A few days later, I was getting the girls ready to walk home from the daycare and Big A tells her boyfriend's mom (loud enough for everyone to hear), "I have homework every night and I'm supposed to have at least one parent sign my agenda book, and they, like, almost never do, it's the worst!" For the record, we DO sign her agenda and Adam, in particular, is obsessive about making sure she's done her reading and/or homework, so I don't know what she's talking about, but she sure succeeded in making me mortified, and feel like the worst parent on the planet. Although in all honesty I think I do that to myself most of the time.
Big A has also become my harshest beauty critic. On days I am not seeing clients and am wearing 'comfort clothes' (i.e. yoga pants and a jersey top) she will say to me, "You aren't working today, are you? Because those are NOT work clothes!" This is from a kid who goes to school with pink hair, leg warmers and temporary tatoos all over her body. Even better, yesterday I woke up looking particularly 'rumpled', you know, with pillow lines all over my face. Although I was just going to the gym to teach my spinning class, I decided a wee bit of makeup was in order. Big A came into the bathroom and asked what I was doing. I explained that I was trying to make it less obvious that I'd just rolled out of bed. She watched quietly and when I was done she said, "Mommy now it just looks like you slept with your makeup on." Ha, I can't get away with anything!
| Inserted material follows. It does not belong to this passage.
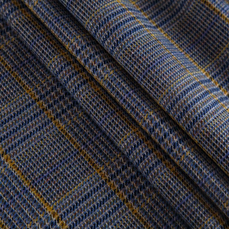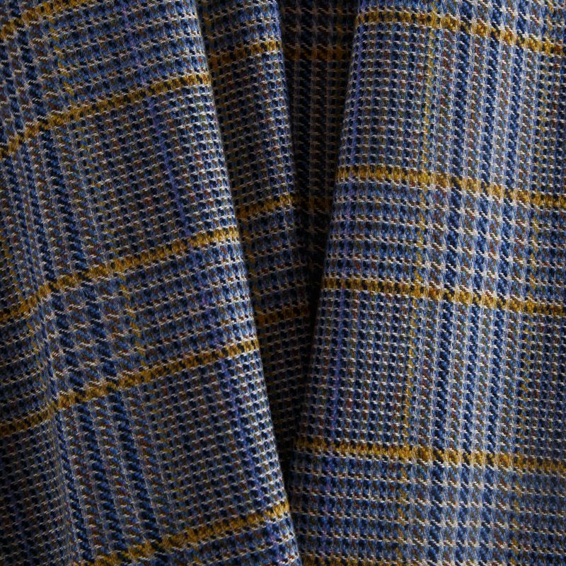Итальянская костюмно-плательная смесовая шерсть средней плотности, не сухая, пластичная, приятная на ощупь, формоустойчива, не мнется, хорошо драпируется. Красивая клетка тартан образована за счет сочетания полос синего, голубого, желтого и песочного оттенков. Ткань отлично подойдет на костюм, жилет, жакет, легкое пальто, юбку, брюки, плате, сарафан, шорты.

Yesterday Little A also had a winning comment. After Adam spent nearly 2 hours putting together the Barbie Dollhouse my parents got the girls for Hannukah, we went out to do some grocery shopping. Adam was exhausted and frustrated because it was a challenging task and the girls were neither grateful nor coopoerative about playing with the dollhouse together. He was rewarded for his hard work with the girls' fighting non-stop once it was completed. We decided to get out of the house and do some errands. Later on, as we were loading groceries into the trunk, Little A commented, "This was the worstest home day ever!" When I asked her why, she exclaimed, "Because we had to do so much work!" I thought Adam was going to tear his hair out.
There is no doubt both our children are 'spirited' and somewhat challenging. The volume in our home is always high. Both girls are dramatic, strong-willed, opinionated, competitive, and stubborn. I am told these are mostly all qualities that will serve them well in the future, but right now they are things that drive Adam and I crazy. Lately, we are both finding ourselves having difficulty maintaining our equilibrium when things start going out of control. It's a good thing we have a holiday coming up. We leave for Florida on December 24, and the trip can't come soon enough.
Once when Big A was an infant, my father commented that the best things about having children is watching them learn, grow, and develop both their cognitive skills and their personalities. I try to focus on the humour involved and remind myself every day how lucky we are to have 2 healthy, smart children who challenge us to be better people...and, of course, drive us COMPLETELY NUTS!